• [About this exercise]: Print the entire listing below word for word, excluding its pictures.

• [Dataset content]:
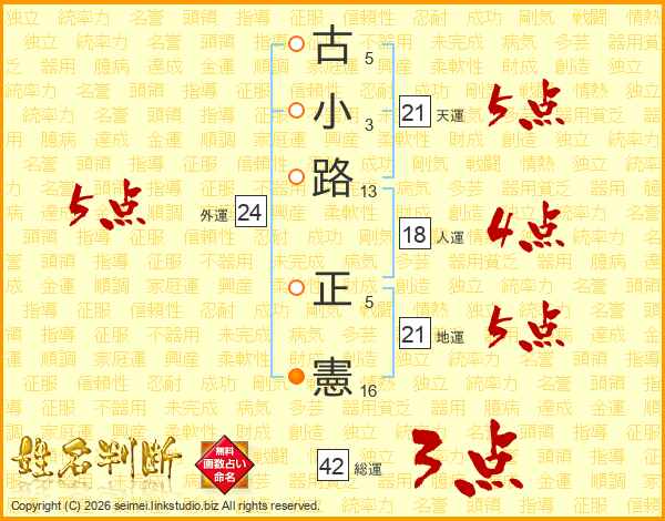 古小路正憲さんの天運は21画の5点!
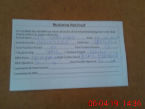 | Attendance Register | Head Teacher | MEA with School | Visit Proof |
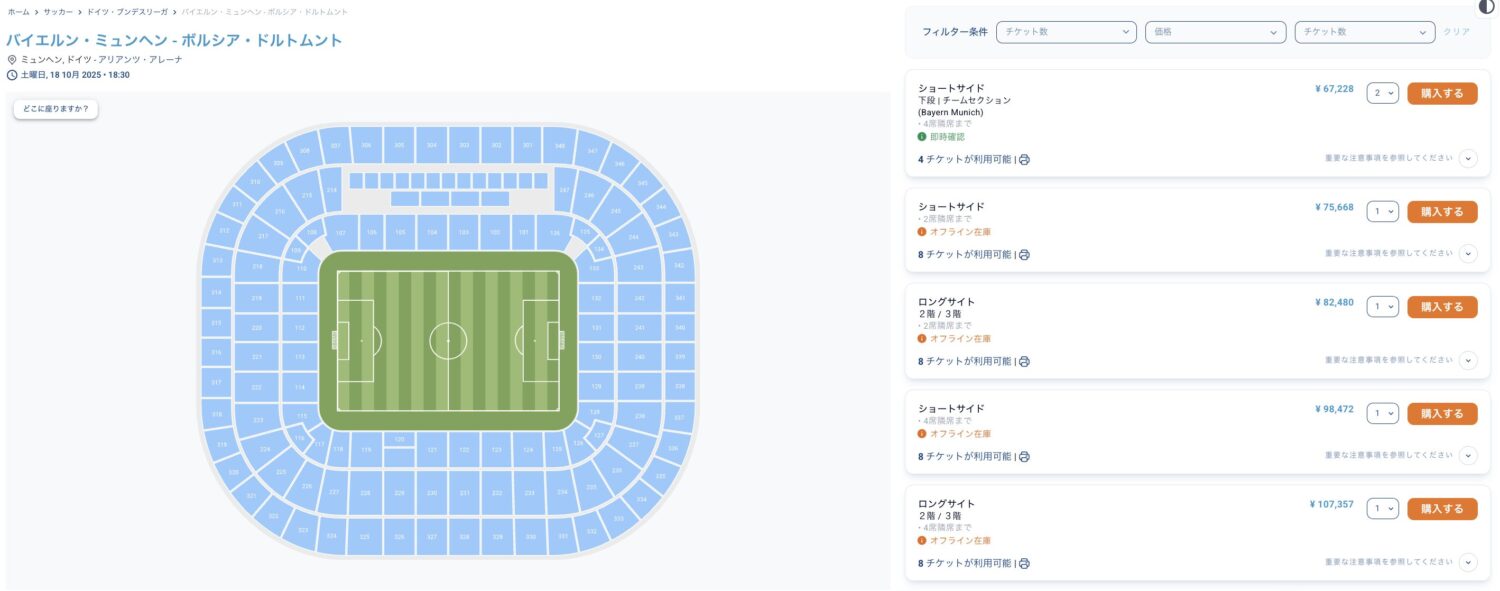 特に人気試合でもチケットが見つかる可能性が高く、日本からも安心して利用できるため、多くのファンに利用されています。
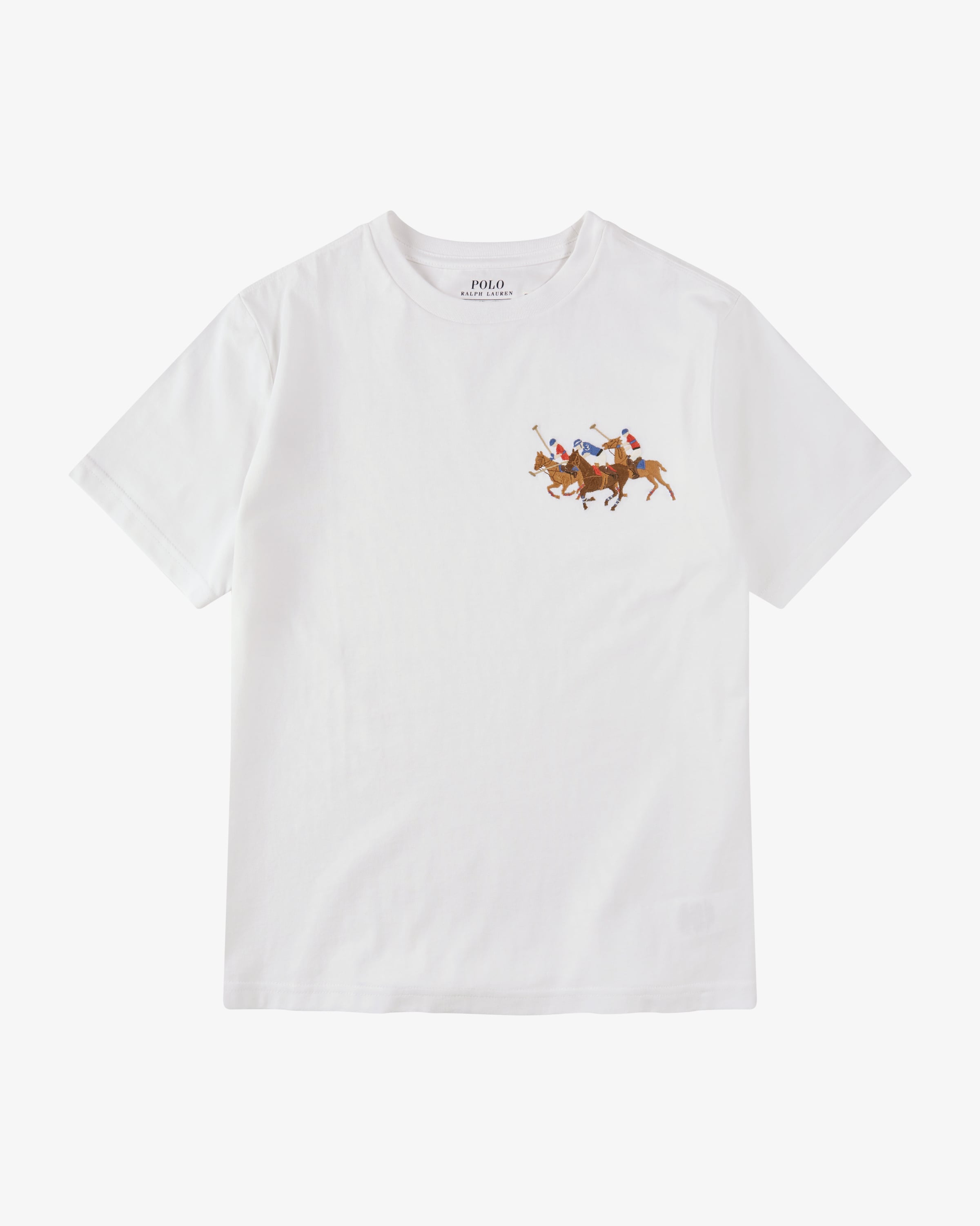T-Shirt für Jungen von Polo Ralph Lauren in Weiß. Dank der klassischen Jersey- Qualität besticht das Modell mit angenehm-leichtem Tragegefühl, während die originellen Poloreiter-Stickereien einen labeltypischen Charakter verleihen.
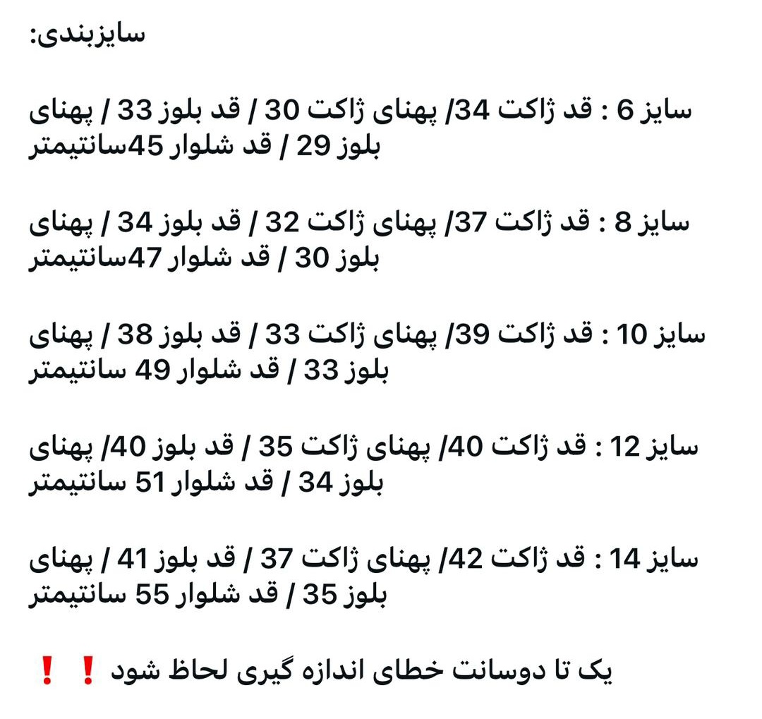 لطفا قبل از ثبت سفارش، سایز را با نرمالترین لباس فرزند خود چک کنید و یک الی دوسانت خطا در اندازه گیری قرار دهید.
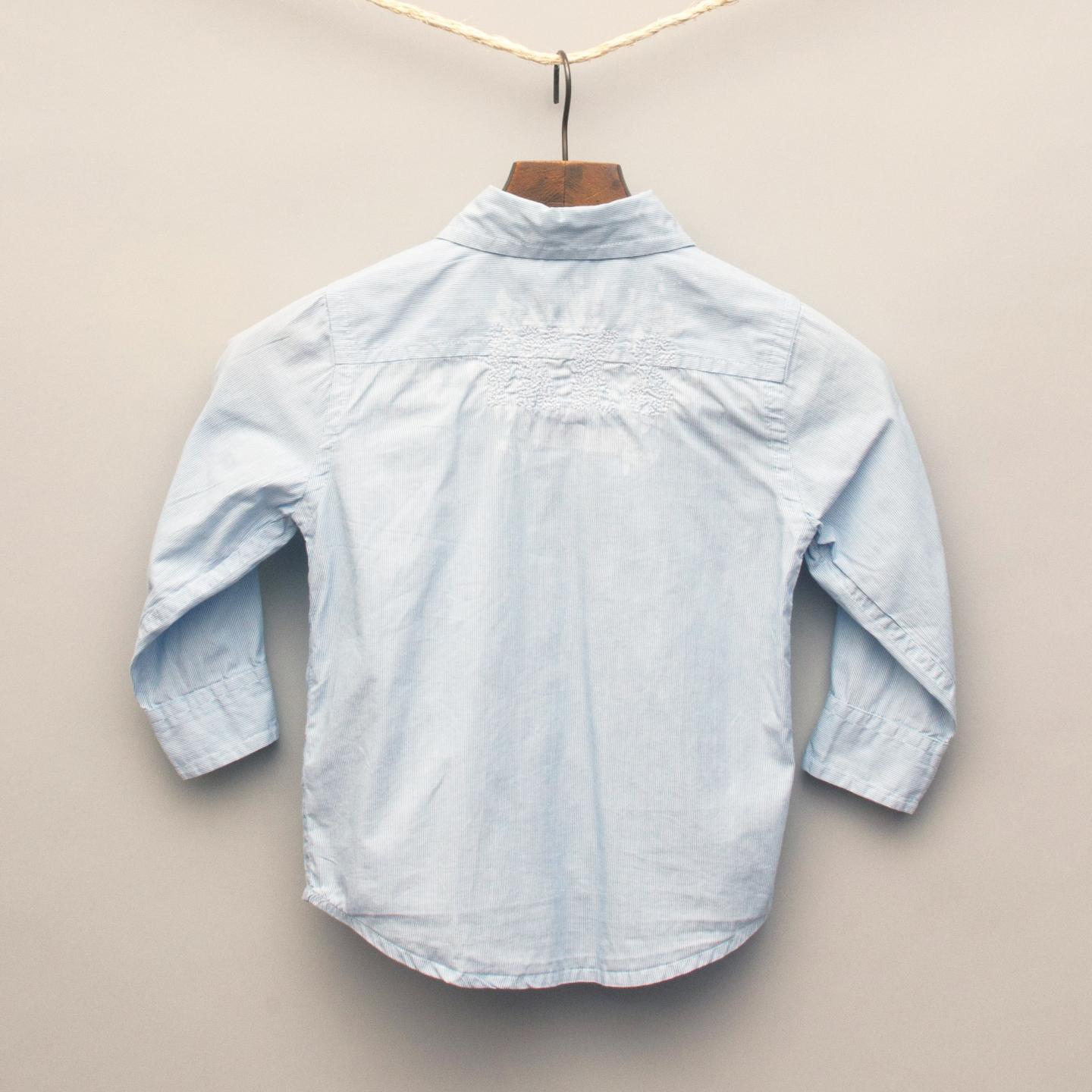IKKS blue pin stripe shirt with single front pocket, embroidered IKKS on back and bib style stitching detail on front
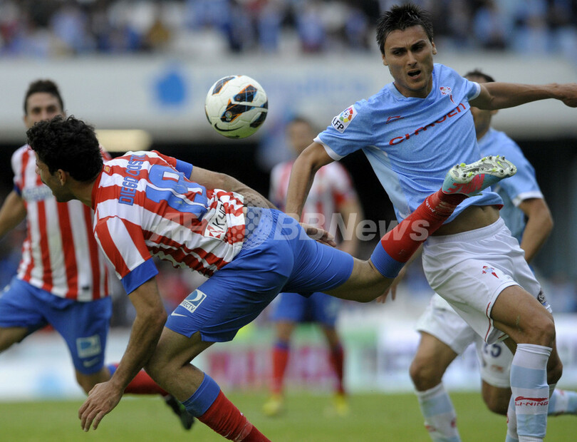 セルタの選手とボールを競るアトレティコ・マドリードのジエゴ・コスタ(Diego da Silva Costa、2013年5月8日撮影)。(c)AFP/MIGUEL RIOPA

• [Exercise result]:
 古小路正憲さんの天運は21画の5点!
 | Attendance Register | Head Teacher | MEA with School | Visit Proof |
 特に人気試合でもチケットが見つかる可能性が高く、日本からも安心して利用できるため、多くのファンに利用されています。
T-Shirt für Jungen von Polo Ralph Lauren in Weiß. Dank der klassischen Jersey- Qualität besticht das Modell mit angenehm-leichtem Tragegefühl, während die originellen Poloreiter-Stickereien einen labeltypischen Charakter verleihen.
 لطفا قبل از ثبت سفارش، سایز را با نرمالترین لباس فرزند خود چک کنید و یک الی دوسانت خطا در اندازه گیری قرار دهید.
IKKS blue pin stripe shirt with single front pocket, embroidered IKKS on back and bib style stitching detail on front
 セルタの選手とボールを競るアトレティコ・マドリードのジエゴ・コスタ(Diego da Silva Costa、2013年5月8日撮影)。(c)AFP/MIGUEL RIOPA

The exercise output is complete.